Reputation: 33
I've made a plot I am mostly happy with, using Tidyverse in R, but the plot needs to show a bit more information and I haven't managed to work out how to do that yet.
The point of the plot is to show how a bunch of cells from three different animals were algorithmically sorted and bunched together according to their biology. Each animal had a lot of different celltypes, and there were a lot outputted clusters of cells; I am plotting one outputted cluster, and after looking at all the cells from each animal that were sorted into this cluster, I chose to show the top 5 celltype names from the source animals that made it into the plot. The plot shows this nicely (to me, at least), but it doesn't show whether ALL the cells of a given source celltype were bundled into this new cluster, or if half, or almost none, etc..
Here is the code I used, and the plot I got (and mostly like!).
library(tidyverse)
# create the contents of the toy dataset, then add together
species_organ <- c(rep("frog", 5),
rep("bat", 5),
rep("bird", 5)
)
annotation <- c("celltype1", "celltype2", "celltype3", "celltype4", "celltype5",
"celltypeA", "celltypeB", "celltypeC", "celltypeD", "celltypeE",
"celltypeAlpha", "celltypeBeta", "celltypeGamma", "celltypeDelta", "celltypeEpsilon"
)
count_in_integratedcluster <- c(253, 245, 226, 187, 185, 42, 18, 17, 11, 9, 58, 16, 8, 8, 7)
annotation_count_in_source_dataset <- c(413, 312, 349, 410, 233, 195, 198, 56, 166, 238, 82, 68, 270, 226, 81)
fraction_of_total_celltype_abundance <- count_in_integratedcluster / annotation_count_in_source_dataset
fake_dataframe <- data.frame(species_organ, annotation, count_in_integratedcluster, annotation_count_in_source_dataset, fraction_of_total_celltype_abundance)
# a few other things to decorate the plot with
how_many_cells_in_this_integrated_cluster <- 5056
cluster_name = "cluster6"
# now we make a lollipop plot
plot_lollipop_faceted.top5 <- ggplot(fake_dataframe) +
geom_segment( aes(x=annotation, xend=annotation, y=0, yend=count_in_integratedcluster), color="grey") +
geom_point( aes(x=annotation, y=count_in_integratedcluster, color=species_organ), size=3 ) +
coord_flip()+
theme(
legend.position = "none",
panel.border = element_blank(),
panel.spacing = unit(0.1, "lines"),
strip.text.x = element_text(size = 8)
) +
xlab("") +
ylab("How many times cells of this original annotation (y-axis)\nshowed up in this integrated cluster (plot title)") +
facet_wrap(~species_organ, ncol=1, scale="free_y") +
labs(title = paste(paste("integrated", cluster_name, sep = " "), ",", how_many_cells_in_this_integrated_cluster, "total cells"),
subtitle = "In this integrated cluster, see what cells contribute per species")
(plot I mostly like but which needs improvement)
An "easy" graphical fix would be to replace the geom_point with a cute little pie chart, with colour filling to report whether 90% of "bird muscle cells" or just 10% of "bird muscle cells" were ultimately apportioned to this cluster by the algorithm.
Here is a pencil sketch of how the graph could look like, if I made the swap I am looking for.
pencil sketch of improved plot
Any solution has to be in R, and I would appreciate Tidyverse-based approaches but I'm willing to try other approaches that convey the desired set of information.
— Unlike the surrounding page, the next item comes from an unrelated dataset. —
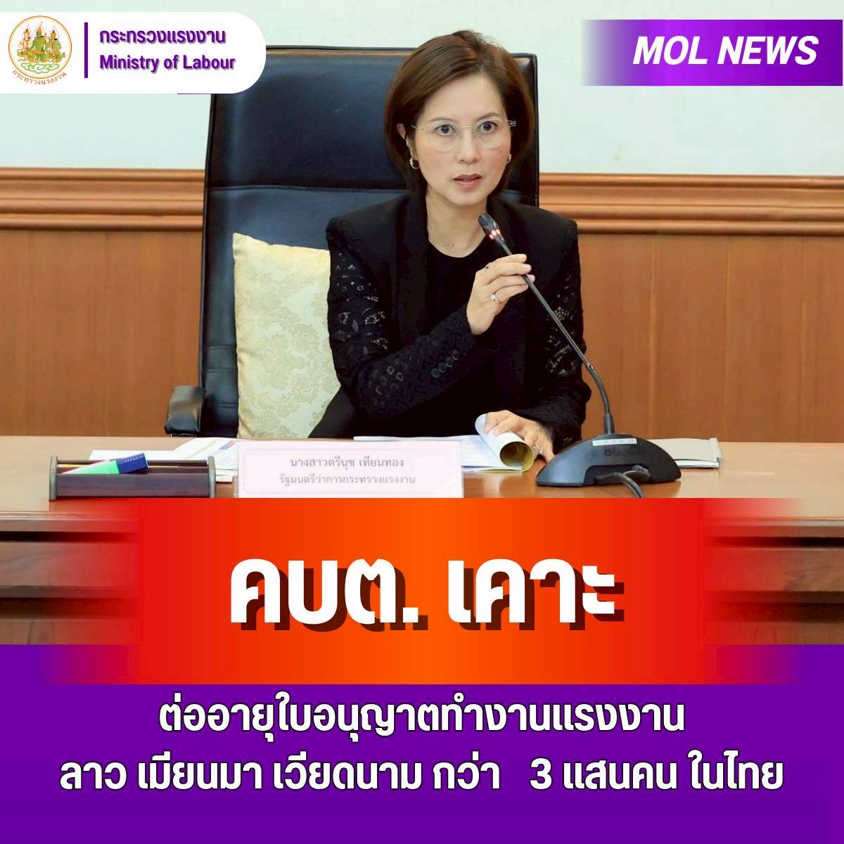 คบต.เคาะต่ออายุใบอนุญาตทำงานแรงงานลาว เมียนมา เวียดนาม กว่า 3 แสนคน ในไทย เตรียมนำเข้าครม.ให้ความเห็นชอบ “ตรีนุช”สั่งการกรมการจัดหางาน เร่งยกร่างประกาศกระทรวงแรงงานรองรับ ป้องกันผลกระทบต่อภาคการผลิตและเสถียรภาพด้านแรงงานของประเทศ

I've looked at other related questions and unfortunately couldn't manage to make the suggested methods work for me, or else the suggested solution doesn't seem to be useful in my scenario; so far, I've examined:
R::ggplot2::geom_points: how to swap points with pie charts? (scatterpie docs didn't help me make sense of what to do to implement suggestions) ggplot use small pie charts as points with geom_point (the pie is nice, but I don't want to lose the other information currently conveyed by my plot already) Plotting pie charts in ggplot2 (title sounds right, but content was not helpful) create floating pie charts with ggplot (this is the second time I saw coord_polar() but I did not figure out how to use it after fiddling a bit with it/reading its docs)
Upvotes: 3
Views: 116
Reputation: 174526
We can use scatterpie
to get the plot you want, but it's a bit of a pain to use. It doesn't seem to like categorical variables, so these need to be converted to numeric via factor and relabelled in scales. It also won't play nicely with coord_flip
, so you will need to transform the axis to get the pies circular.
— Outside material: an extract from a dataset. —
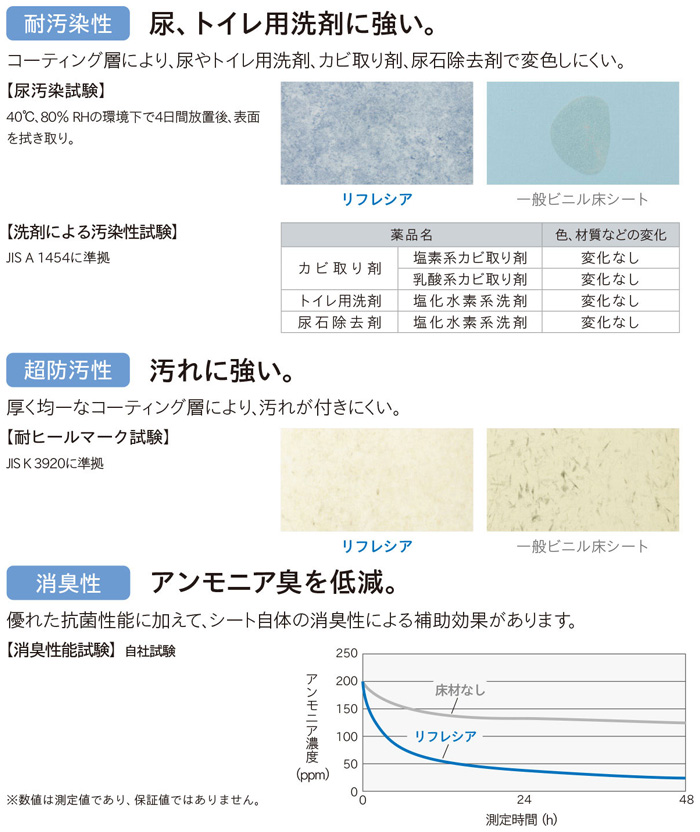 特長:耐汚染性 / 超防汚性 / 消臭性

So the first step is to reshape your data:
library(tidyverse)
library(scatterpie)
fake_dataframe <- fake_dataframe %>%
rename(pos = fraction_of_total_celltype_abundance) %>%
mutate(neg = 1 - pos) %>%
mutate(annotation = fct_reorder(as.factor(annotation),
as.factor(species_organ),
~mean(as.numeric(.x)))) %>%
mutate(annotation2 = as.numeric(annotation)) %>%
mutate(count_in_integratedcluster = count_in_integratedcluster/15)
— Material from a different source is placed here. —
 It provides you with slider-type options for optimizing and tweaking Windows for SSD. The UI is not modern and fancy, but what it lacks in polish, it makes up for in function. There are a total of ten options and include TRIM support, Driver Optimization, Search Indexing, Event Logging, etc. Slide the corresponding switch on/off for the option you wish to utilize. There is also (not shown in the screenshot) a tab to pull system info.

Then the plotting code is:
ggplot(fake_dataframe,
aes(x = annotation2, y = count_in_integratedcluster)) +
geom_segment(aes(xend = annotation2, yend = 0), color = "grey") +
geom_scatterpie(cols = c("pos", "neg"),
data = fake_dataframe,
aes(x = annotation2, y = count_in_integratedcluster)) +
scale_fill_manual(values = c(pos = "black", neg = "white")) +
coord_flip() +
theme(
legend.position = "none",
panel.border = element_blank(),
panel.spacing = unit(0.1, "lines"),
strip.text.x = element_text(size = 8)
) +
facet_grid(species_organ~., scale = "free_y", space = "free_y") +
labs(title = paste(paste("integrated", cluster_name), ",",
how_many_cells_in_this_integrated_cluster, "total cells"),
subtitle = paste0("In this integrated cluster, ",
"see what cells contribute per species"),
y = "How many times cells of this original annotation (y-axis)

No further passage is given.